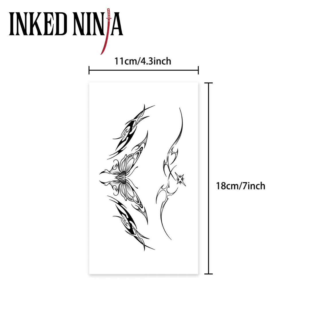 This design is a bold revival of Y2K tribal tattoos with a feminine twist. The upper flame-styled arc anchors the look with raw edge, while the lower butterfly-heart fusion spreads with ornamental grace. It’s crafted specifically as a tramp stamp - perfect for the female lower back - with wings and curves that follow the natural lines of the waist.
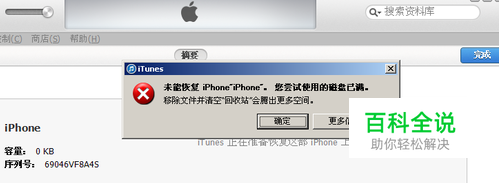 未能恢复iphone磁盘已满怎么办,iTunes提示删除回收站等信息。如果恢复自己的ios设备遇到这个系统提示怎么办?其实很简单。这个意思主要是你电脑C盘不够了,软件无法再电脑上提取出来系统文件,所以就无法恢复咯。
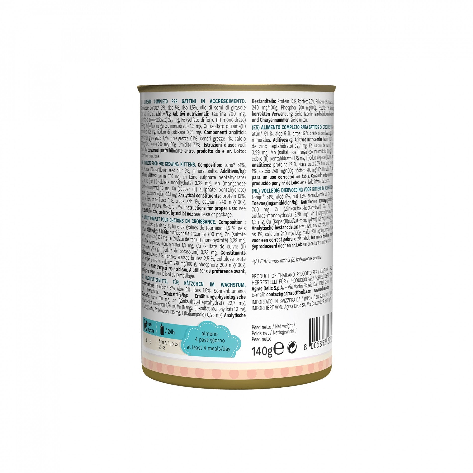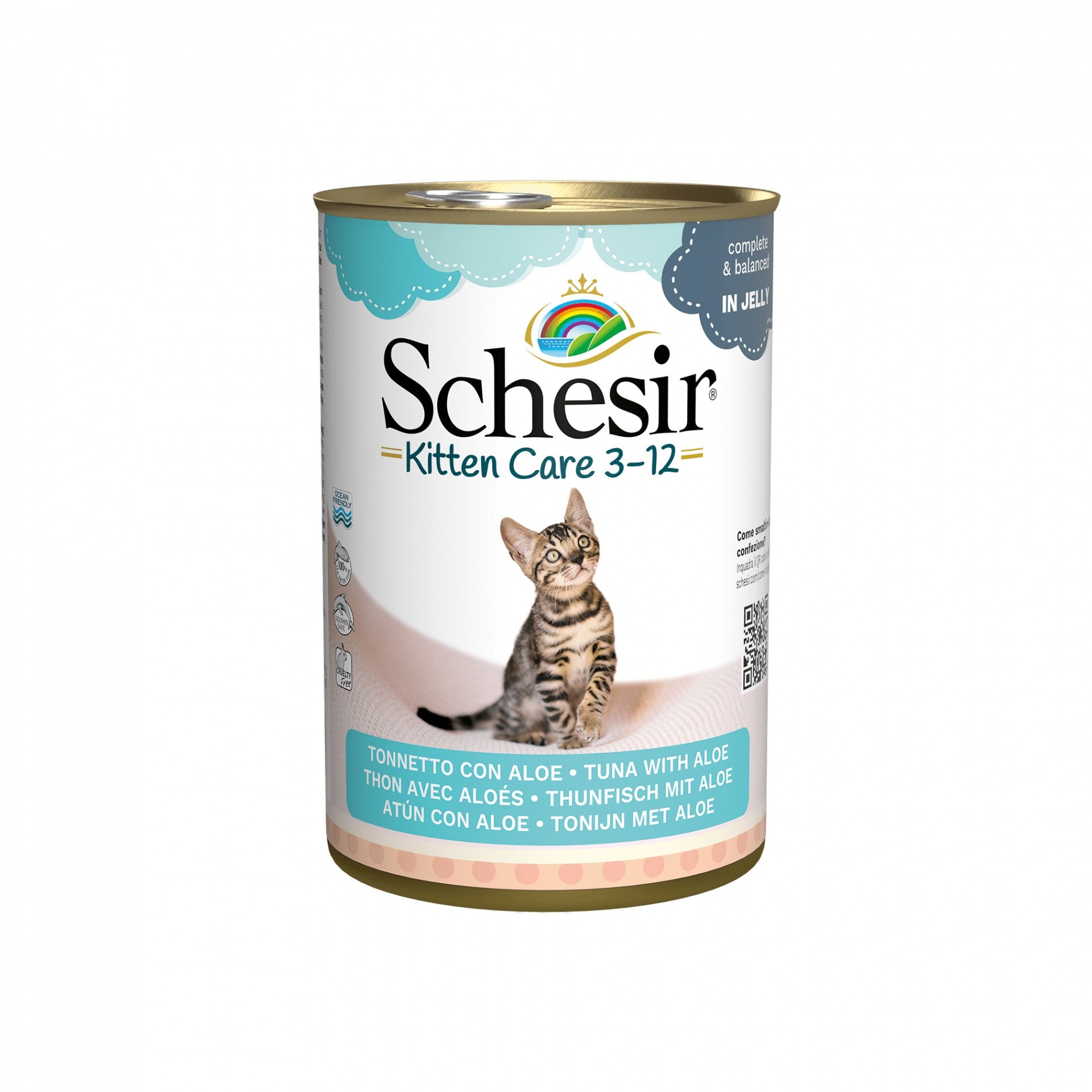 Les pâtées en gelée Kitten Schesir existent en deux saveurs (thon avec aloès et filets de poulet avec aloès) pour le plus grand plaisir des chatons. Elles sont très appétentes et appréciées des chatons.
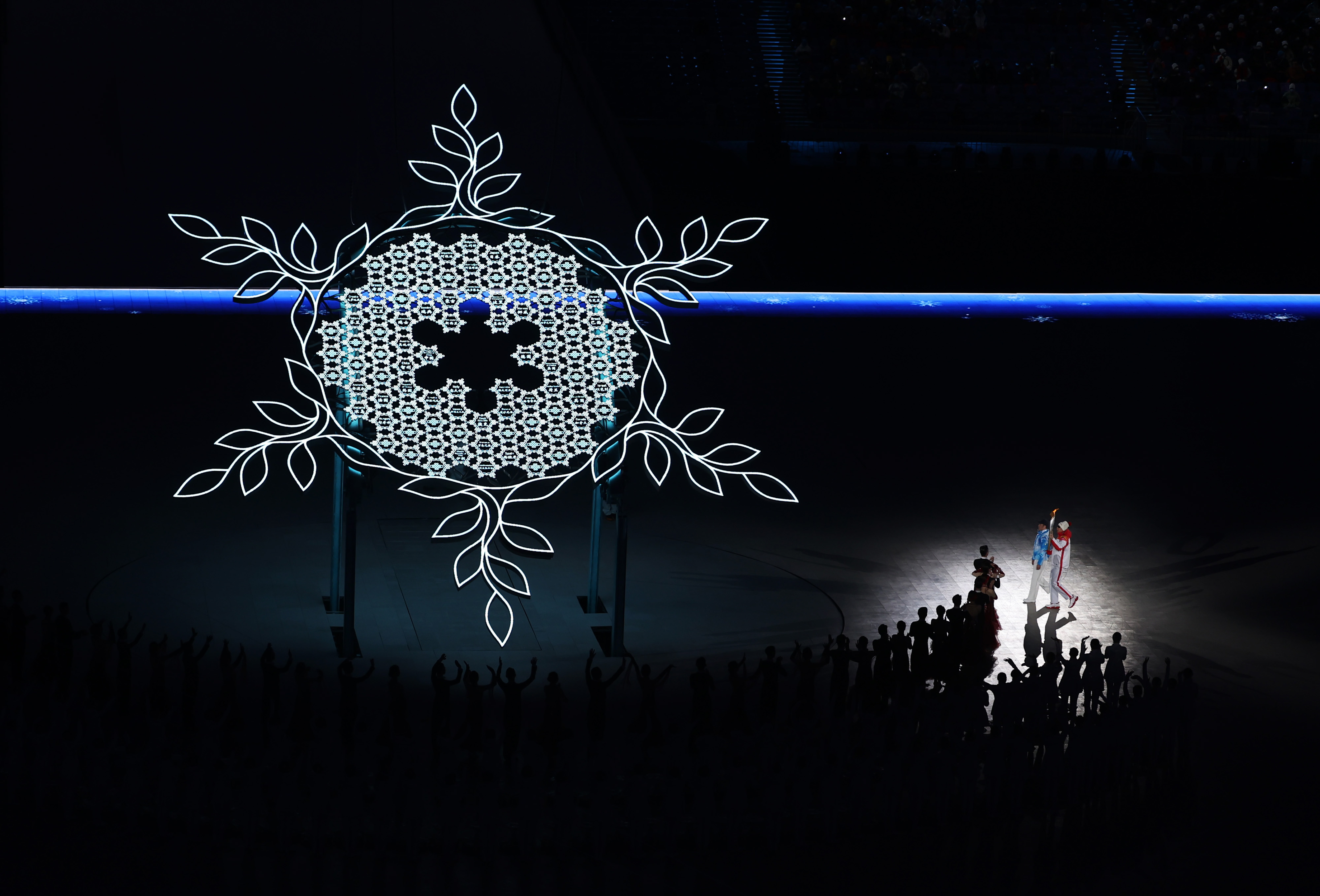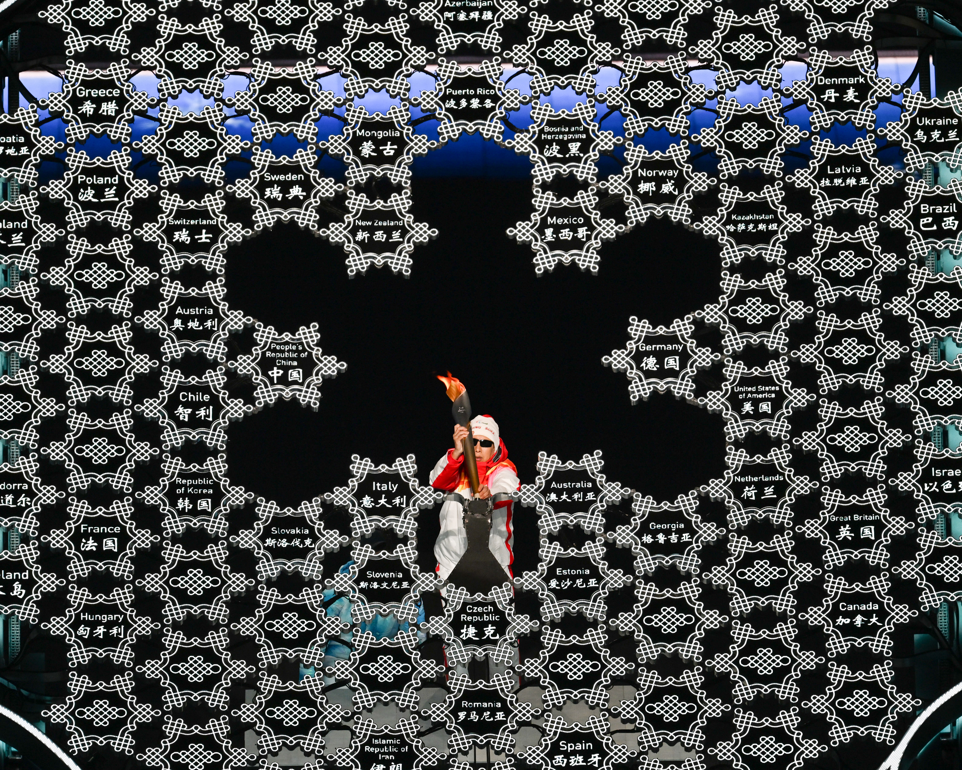 3月4日晚,最后一棒火炬手李端将火炬嵌入“大雪花”中央。新华社记者宋彦桦摄

■ WORK ORDER: Extract word for word every line from the line that contains "未能恢复iphone磁盘已满" to the final line of the data, both included, and nothing else; skip the pictures.

■ RESPONSE AREA:
 未能恢复iphone磁盘已满怎么办,iTunes提示删除回收站等信息。如果恢复自己的ios设备遇到这个系统提示怎么办?其实很简单。这个意思主要是你电脑C盘不够了,软件无法再电脑上提取出来系统文件,所以就无法恢复咯。
 Les pâtées en gelée Kitten Schesir existent en deux saveurs (thon avec aloès et filets de poulet avec aloès) pour le plus grand plaisir des chatons. Elles sont très appétentes et appréciées des chatons.
 3月4日晚,最后一棒火炬手李端将火炬嵌入“大雪花”中央。新华社记者宋彦桦摄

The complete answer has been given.